Two logical conclusions are inescapable. First, our current climate models—all of them—err on the side of caution. Perhaps they err grievously; we have no way of knowing.
So our current climate models likely underestimate both the speed of heating and the extent to which it can become self-sustaining, even if and when we humans stop burning fossil fuels entirely. Note that none of these positive-feedback phenomena, except the last, “social” one, has anything directly to do with fossil fuels. All the others are “natural” phenomena that proceed automatically, as a matter of scientific cause and effect, regardless of any human act or intervention.
The second conclusion is even more dire. Together, these six positive-feedback phenomena have the potential, but not the certainty, of causing runaway, self-sustaining planetary heating regardless of anything we humans do or don’t do from here on out. Our global environment may be on an autonomous path to a new steady state, decades or mere years hence. That new state may mean temperatures and weather patterms we can only guess at now, but which somehow we must survive.

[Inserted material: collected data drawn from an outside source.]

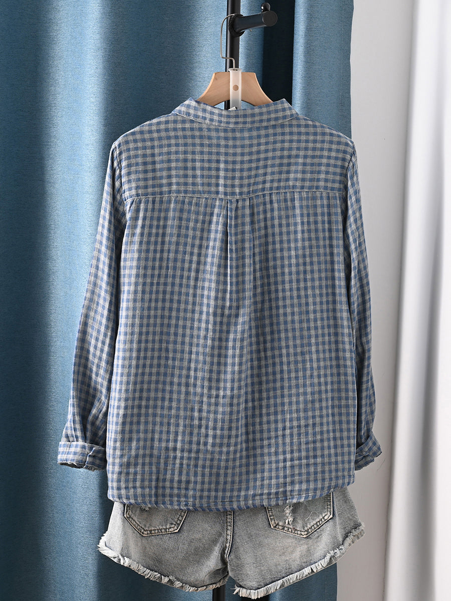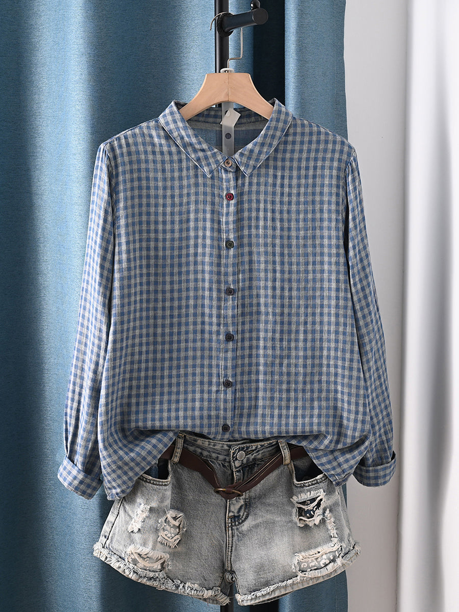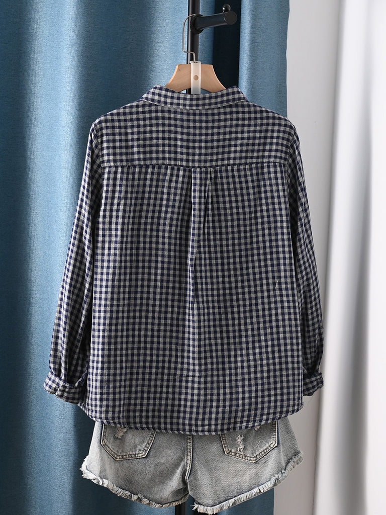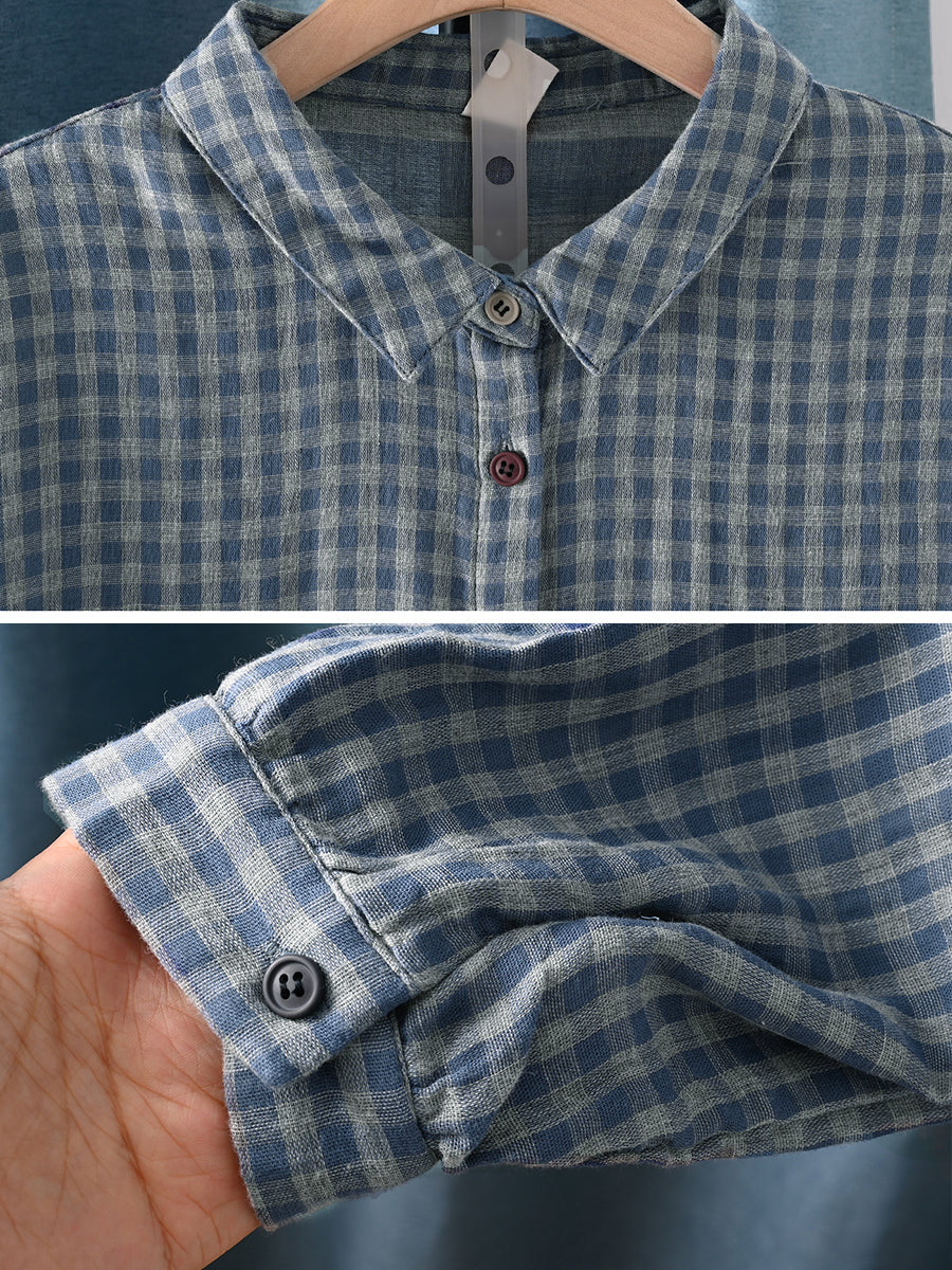 قميص نسائي خريفي منقوش بياقة مطوية من القطن بنسبة 100%
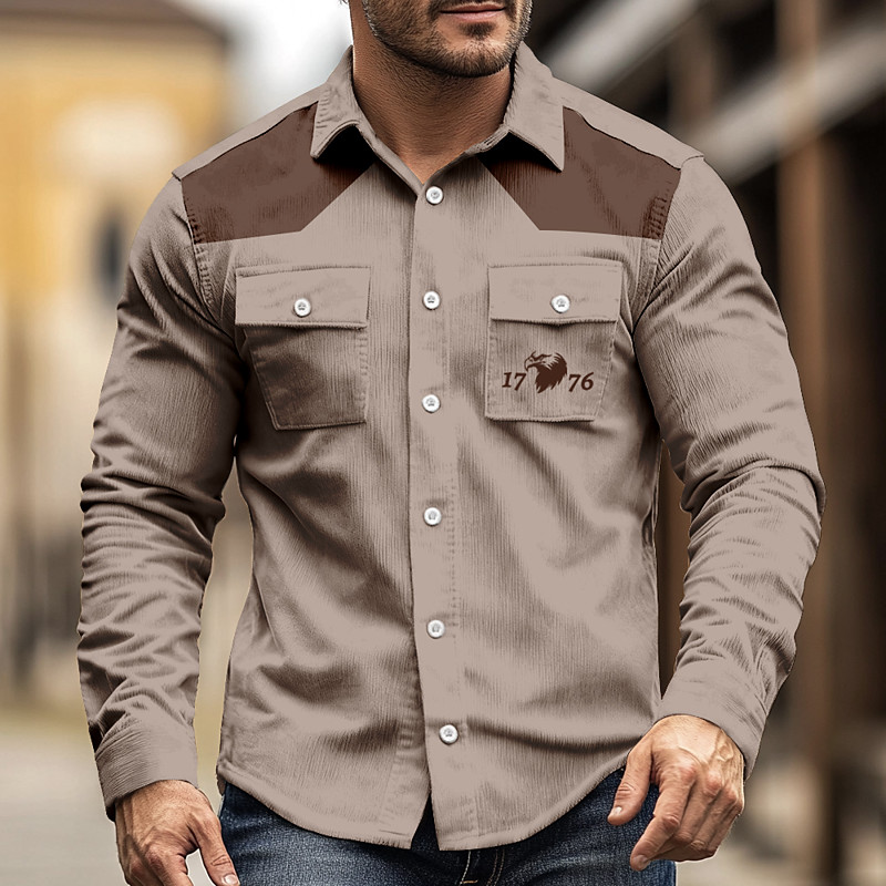 Men's Color Block Letter Printed 1776 Corduroy Shirt Western Shirt Shirt Jacket Long Sleeve Vintage Retro Outdoor WorkWear Fall Winter Turndown 3D Print Cowboy Shirts Jacket with Flap Pockets Saddle
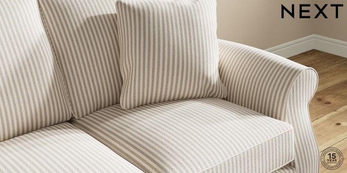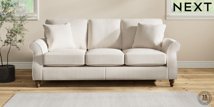 7.2.10 Ashford 3 Cushion 3 Seater Sofa Chenille Stripe Natural Low Turned - Mid | Made Click here to use our website with more accessibility support, for example screen readers
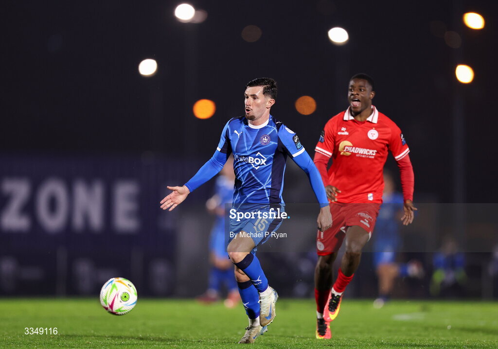 6 February 2026; Luke Heeney of Waterford in action against Mipo Odubeko of Shelbourne during the SSE Airtricity Men's Premier Division match between Waterford and Shelbourne at the Regional Sports Centre in Waterford. Photo by Michael P Ryan/Sportsfile

If we were an intelligent species, as we deem ourselves (“Homo sapiens”), wouldn’t these facts cause us to redouble our efforts to stop burning fossil fuels, and to make doing so our species-wide top priority? Besides geo-engineering, the only thing we can do to change the ultimate climate outcome is make the transition from fossil fuels as quickly as possible, leaving most of the rest of them in the ground.
Besides possibly reducing the permanent damage to our species caused by the ultimate steady-state planetary climate, there is yet another benefit. The solar farms, windmills, geothermal plants, hyroelectric plants, batteries, and smart grids that we build will not become useless stranded assets, like all the extraction and refining plants, pipelines, tankers and other transport means, when gas and oil run out.